Her image problem is in your head and it isn’t serving you well. Try having a mental phrase such as “dead end” to interrupt that thought loop.
Your healing is now your priority. Every investment in your physical, emotional, financial health will make the healing go faster.
In a follow up email he did clarify this was a divorce and she was his wife.
Trying to save that image of our exes is like the bargaining stage of grief. If I say it wasn’t that bad or we split on good terms then all that abuse didn’t really happen. You can’t move on and heal if you keep holding onto that delusion, and it gaslights children stuck in the divorce to think that the cheating behavior is OK.
Tej, I was the master of protecting my ex’s image. I think in the end because I had to lie to myself that he was the person I’d always believed him to be. But people saw, and knew, anyway. Our friends kicked him out while we were separated because he was creepy with their teenage daughter. Other friends stopped talking to him altogether. I did nothing to prompt this and never said a bad word about him. However, character almost always shows itself.
Stay strong for yourself. What she does, and who she is, is her problem now.
Tej, I was married for 25 years to a taker. And I was so busy giving that I didn’t even notice. We had 5 kids together. Of course, I got busy taking care of them and giving to them and telling them that their father was a good person. By the time I realized that he was NOT a good person I had a huge investment in that relationship. It took me a couple of years to realize that it would be okay to divorce him. Even after the divorce was final I kept second-guessing myself. I wasn’t sure that it was the right thing to do. Then he spent an entire year using the court system to further abuse me. He and his third lawyer filed new motions regarding custody every month for a year. It cost me thousands of dollars to get that jerk to go away and leave me alone. And then he stopped paying child support and I had to take HIM to court.
It took some time, but I eventually figured out how to say bad things about the ex without feeling like I was the jerk. Objectively, he cheated on me. So when someone asked what happened I started telling them that he cheated on me. He was objectively abusive to me. First, I had to figure out that verbal, emotional, and religious abuse IS abuse because he never hit me. Eventually I could say that he was abusive.

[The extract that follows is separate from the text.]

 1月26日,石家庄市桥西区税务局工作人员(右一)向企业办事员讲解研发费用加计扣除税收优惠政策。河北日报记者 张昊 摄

Tej, your ex was abusive. Your ex cheated.
It’s hard for a man to accept that he was abused, but it happens all the time.

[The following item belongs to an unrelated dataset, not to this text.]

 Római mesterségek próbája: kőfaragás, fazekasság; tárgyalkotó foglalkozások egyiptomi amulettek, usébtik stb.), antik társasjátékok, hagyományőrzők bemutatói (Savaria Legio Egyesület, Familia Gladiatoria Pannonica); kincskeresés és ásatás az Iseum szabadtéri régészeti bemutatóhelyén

It’s been 15 years since my divorce was final and about 10 years since he finished paying what he owed me. I have learned that some people are just bad people. Anybody who would lie to and cheat on the person they are supposed to love the most is a bad person. I do my very best to avoid people like that in all parts of my life. I’m a lot more cynical than I used to be. And that’s okay. But I haven’t stopped being a giver. I’m just a hell of a lot more careful about where and how I give.

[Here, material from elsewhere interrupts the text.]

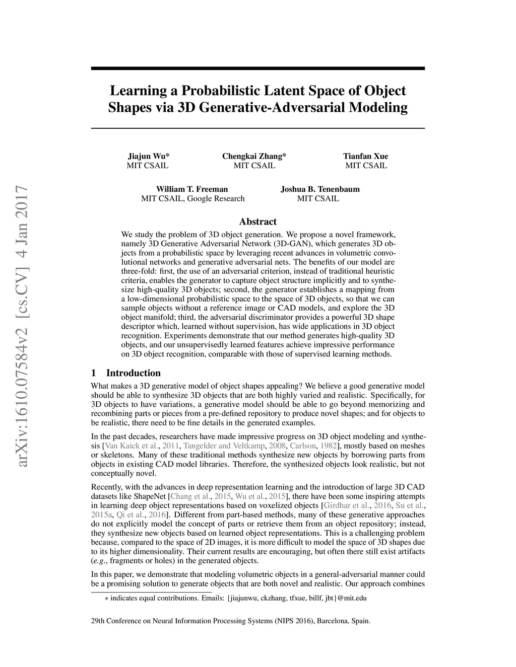 We study the problem of 3D object generation. We propose a novel framework, namely 3D Generative Adversarial Network (3D-GAN), which generates 3D objects from a probabilistic space by leveraging recent advances in volumetric convolutional networks and generative adversarial nets. The benefits of our model are three-fold: first, the use of an adversarial criterion, instead of traditional heuristic criteria, enables the generator to capture object structure implicitly and to synthesize high-quality 3D objects; second, the generator establishes a mapping from a low-dimensional probabilistic space to the space of 3D objects, so that we can sample objects without a reference image or CAD models, and explore the 3D object manifold; third, the adversarial discriminator provides a powerful 3D shape descriptor which, learned without supervision, has wide applications in 3D object recognition. Experiments demonstrate that our method generates high-quality 3D objects, and our unsupervisedly learned features achieve impressive performance on 3D object recognition, comparable with those of supervised learning methods.

Oh my!!! This was my hardest hurdle and at times I still have twinges of it. Married 30 years. Lost our daughter in middle school to cancer and my XH spent the next 10 years of martyrdom and I thought it was all tied to her death and I do think it still had a push it wasn’t the reason.
It’s very hard to come to terms after a long marriage or any major investment in someone that they aren’t who they portrayed themselves to be. It’s even harder if they are very good at coming off to everyone that they aren’t who the “nice guy or gal” and highly moral. My XH left with a discard of us all and remarried immediately and got fired from his high executive job. That was what started opening people’s eyes. He fled to another state and has no connection to his past.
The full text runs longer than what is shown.